▶ _DATA SEGMENT_
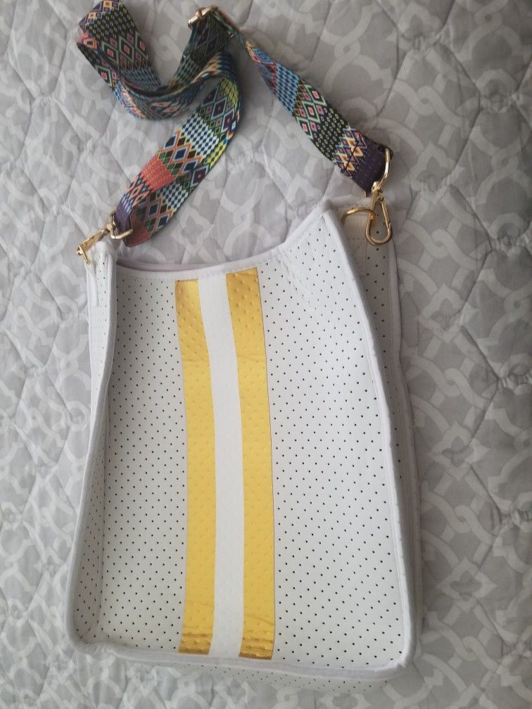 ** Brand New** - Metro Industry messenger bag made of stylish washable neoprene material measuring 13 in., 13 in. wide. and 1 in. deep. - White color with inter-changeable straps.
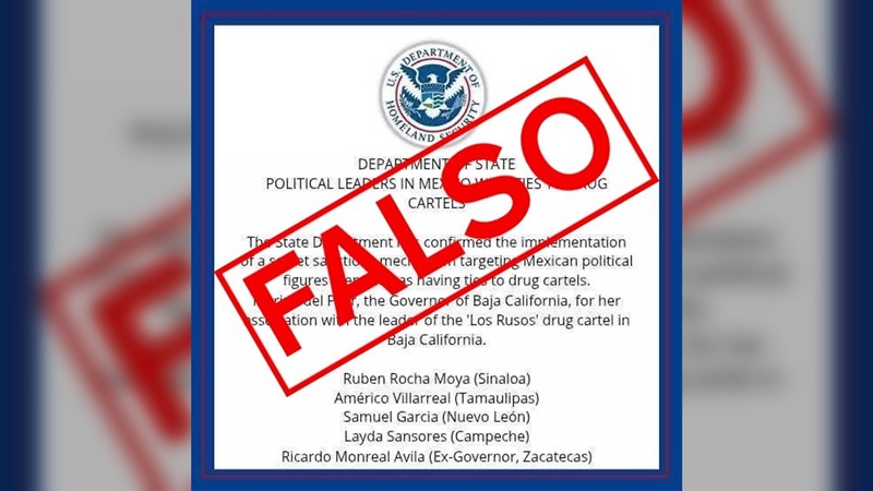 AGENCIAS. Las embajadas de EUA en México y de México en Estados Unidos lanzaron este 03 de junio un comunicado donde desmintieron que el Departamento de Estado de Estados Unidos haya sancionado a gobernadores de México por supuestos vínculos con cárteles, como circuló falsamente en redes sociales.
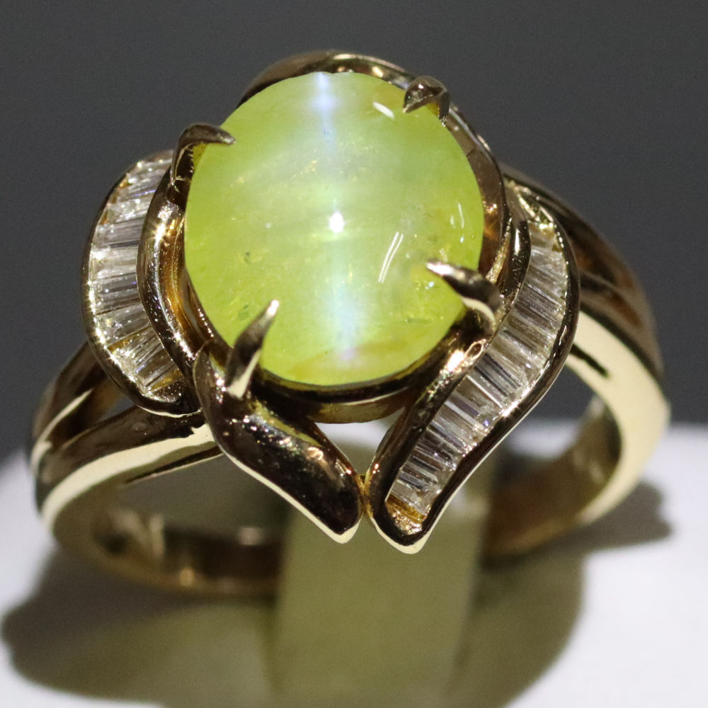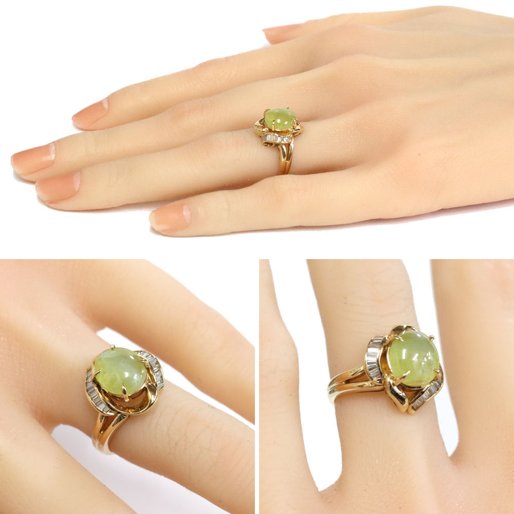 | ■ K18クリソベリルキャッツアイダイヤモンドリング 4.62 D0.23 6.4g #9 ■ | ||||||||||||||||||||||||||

▶ _WHAT IS EXPECTED_
Leaving out the images, repeat the listing above exactly.

▶ _EXERCISE SOLUTION_
 ** Brand New** - Metro Industry messenger bag made of stylish washable neoprene material measuring 13 in., 13 in. wide. and 1 in. deep. - White color with inter-changeable straps.
 AGENCIAS. Las embajadas de EUA en México y de México en Estados Unidos lanzaron este 03 de junio un comunicado donde desmintieron que el Departamento de Estado de Estados Unidos haya sancionado a gobernadores de México por supuestos vínculos con cárteles, como circuló falsamente en redes sociales.
 | ■ K18クリソベリルキャッツアイダイヤモンドリング 4.62 D0.23 6.4g #9 ■ | ||||||||||||||||||||||||||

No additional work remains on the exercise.